### WHAT IS EXPECTED
Restate word for word the lines below that run from the one holding "60 Vintage Mixed" through the one holding "Elegant swan on", inclusive. Pictures don't belong in the copy.

### INFORMATION SHOWN
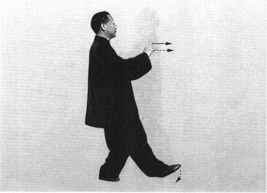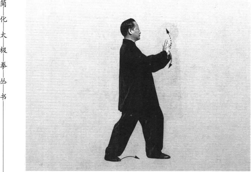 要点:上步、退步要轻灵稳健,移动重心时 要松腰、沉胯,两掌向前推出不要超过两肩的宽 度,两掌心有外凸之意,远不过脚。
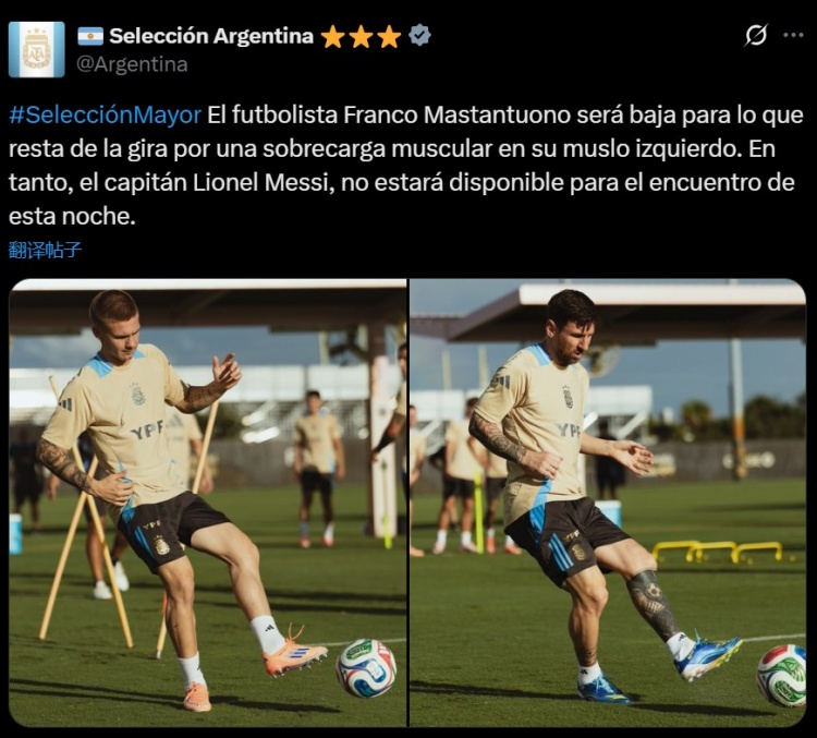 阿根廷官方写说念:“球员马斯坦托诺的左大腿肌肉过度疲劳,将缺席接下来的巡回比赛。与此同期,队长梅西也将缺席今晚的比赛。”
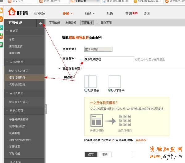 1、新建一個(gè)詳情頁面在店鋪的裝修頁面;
...
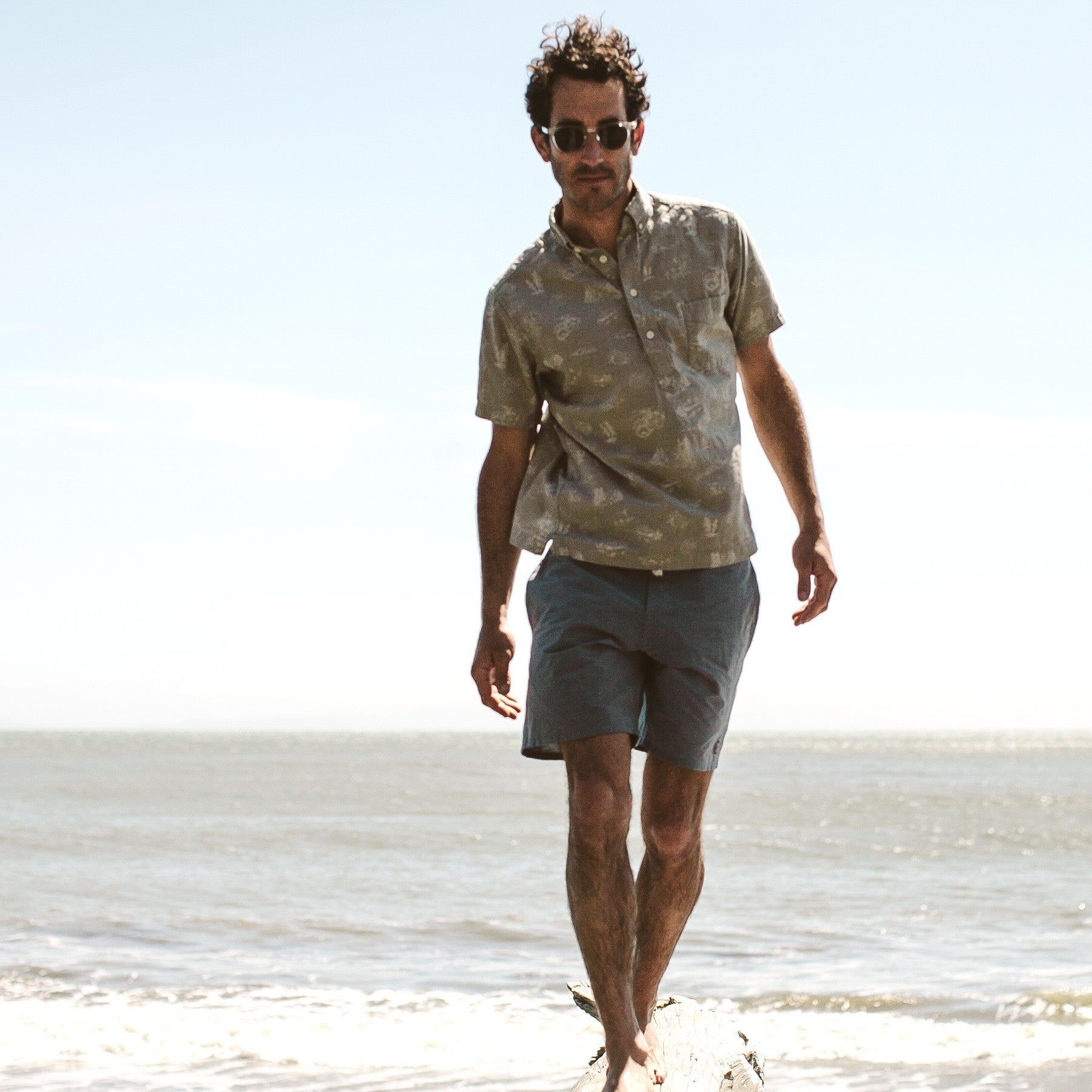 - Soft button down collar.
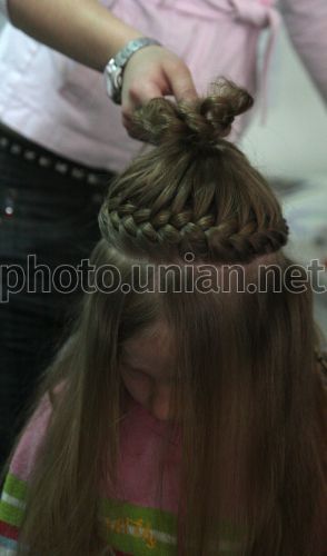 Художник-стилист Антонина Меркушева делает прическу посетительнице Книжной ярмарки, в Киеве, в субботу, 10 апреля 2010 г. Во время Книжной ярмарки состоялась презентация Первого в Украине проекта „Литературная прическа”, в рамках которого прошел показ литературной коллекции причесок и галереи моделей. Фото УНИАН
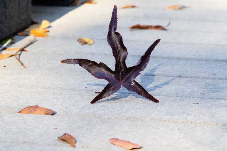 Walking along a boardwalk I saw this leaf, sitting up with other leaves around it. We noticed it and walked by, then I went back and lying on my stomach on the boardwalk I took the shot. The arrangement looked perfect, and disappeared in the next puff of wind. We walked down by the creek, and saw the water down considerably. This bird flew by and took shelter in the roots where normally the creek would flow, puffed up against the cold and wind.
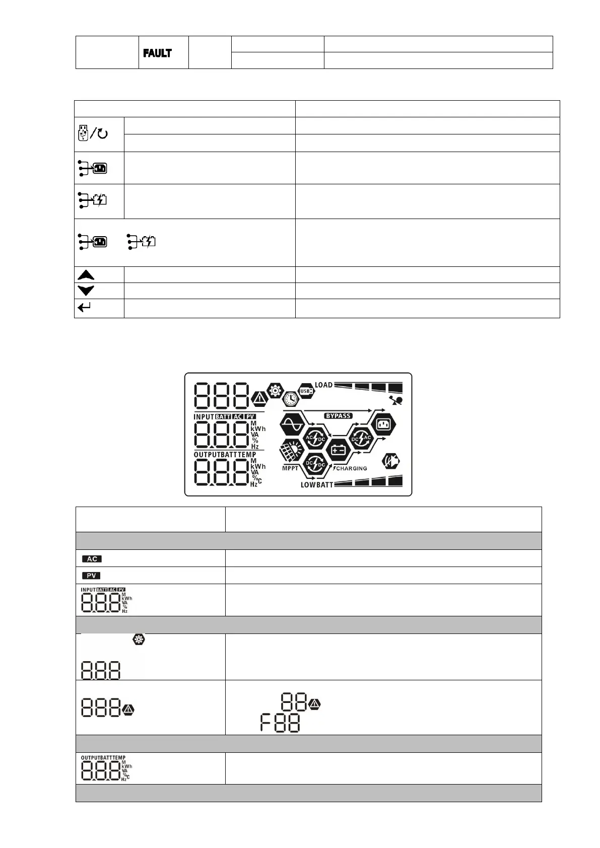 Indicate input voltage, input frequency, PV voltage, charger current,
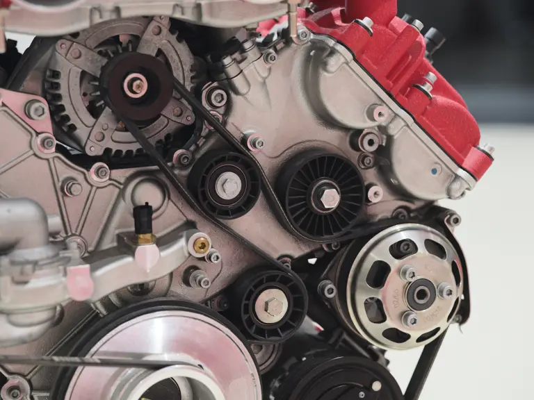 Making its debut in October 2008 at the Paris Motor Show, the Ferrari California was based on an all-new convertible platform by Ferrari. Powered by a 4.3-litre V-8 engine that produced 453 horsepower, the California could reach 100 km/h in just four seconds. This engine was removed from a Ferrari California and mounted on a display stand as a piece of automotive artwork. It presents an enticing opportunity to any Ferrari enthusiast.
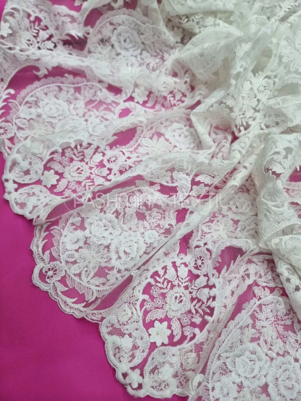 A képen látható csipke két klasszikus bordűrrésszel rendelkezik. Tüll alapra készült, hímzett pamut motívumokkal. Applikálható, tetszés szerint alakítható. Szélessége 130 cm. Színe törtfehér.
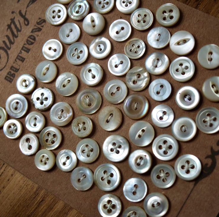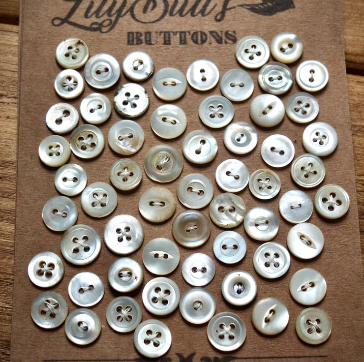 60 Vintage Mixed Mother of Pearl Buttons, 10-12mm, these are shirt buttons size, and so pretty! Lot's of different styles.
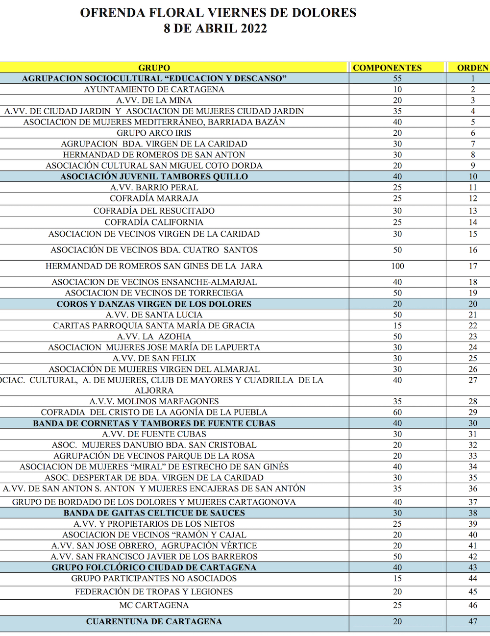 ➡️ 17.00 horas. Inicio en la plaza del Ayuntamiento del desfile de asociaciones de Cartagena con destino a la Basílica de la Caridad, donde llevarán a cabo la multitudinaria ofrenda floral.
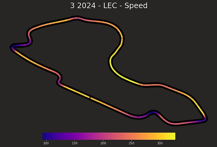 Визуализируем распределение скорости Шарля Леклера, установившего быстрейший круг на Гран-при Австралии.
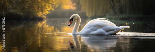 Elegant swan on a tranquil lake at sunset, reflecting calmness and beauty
* * *
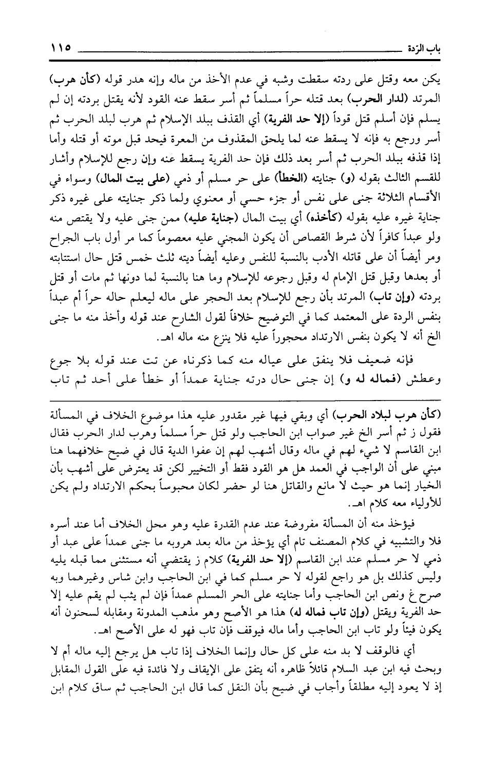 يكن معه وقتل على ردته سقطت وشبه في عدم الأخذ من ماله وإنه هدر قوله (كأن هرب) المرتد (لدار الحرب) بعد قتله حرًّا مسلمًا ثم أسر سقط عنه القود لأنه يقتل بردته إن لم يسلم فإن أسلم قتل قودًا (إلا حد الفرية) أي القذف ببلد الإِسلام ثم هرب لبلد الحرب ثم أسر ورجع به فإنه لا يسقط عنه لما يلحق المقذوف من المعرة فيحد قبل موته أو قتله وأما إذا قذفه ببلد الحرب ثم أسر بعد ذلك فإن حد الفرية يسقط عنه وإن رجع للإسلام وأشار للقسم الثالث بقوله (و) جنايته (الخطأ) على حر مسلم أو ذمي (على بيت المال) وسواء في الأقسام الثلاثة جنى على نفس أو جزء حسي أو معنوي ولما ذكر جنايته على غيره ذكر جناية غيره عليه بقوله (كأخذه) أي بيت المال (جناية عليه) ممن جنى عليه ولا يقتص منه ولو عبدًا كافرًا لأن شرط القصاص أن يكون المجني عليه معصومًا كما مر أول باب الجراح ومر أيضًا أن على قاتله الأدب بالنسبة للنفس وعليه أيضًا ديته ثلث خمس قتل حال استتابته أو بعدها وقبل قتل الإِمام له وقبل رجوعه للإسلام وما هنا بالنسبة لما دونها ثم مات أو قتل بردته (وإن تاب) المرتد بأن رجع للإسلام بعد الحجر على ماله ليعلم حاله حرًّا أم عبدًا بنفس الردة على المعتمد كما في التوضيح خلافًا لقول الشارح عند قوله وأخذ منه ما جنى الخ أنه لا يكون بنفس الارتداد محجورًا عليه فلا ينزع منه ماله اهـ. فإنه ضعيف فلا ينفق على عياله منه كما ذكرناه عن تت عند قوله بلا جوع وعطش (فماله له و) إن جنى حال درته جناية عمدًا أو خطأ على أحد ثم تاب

### FINISHED EXERCISE
 60 Vintage Mixed Mother of Pearl Buttons, 10-12mm, these are shirt buttons size, and so pretty! Lot's of different styles.
 ➡️ 17.00 horas. Inicio en la plaza del Ayuntamiento del desfile de asociaciones de Cartagena con destino a la Basílica de la Caridad, donde llevarán a cabo la multitudinaria ofrenda floral.
 Визуализируем распределение скорости Шарля Леклера, установившего быстрейший круг на Гран-при Австралии.
 Elegant swan on a tranquil lake at sunset, reflecting calmness and beauty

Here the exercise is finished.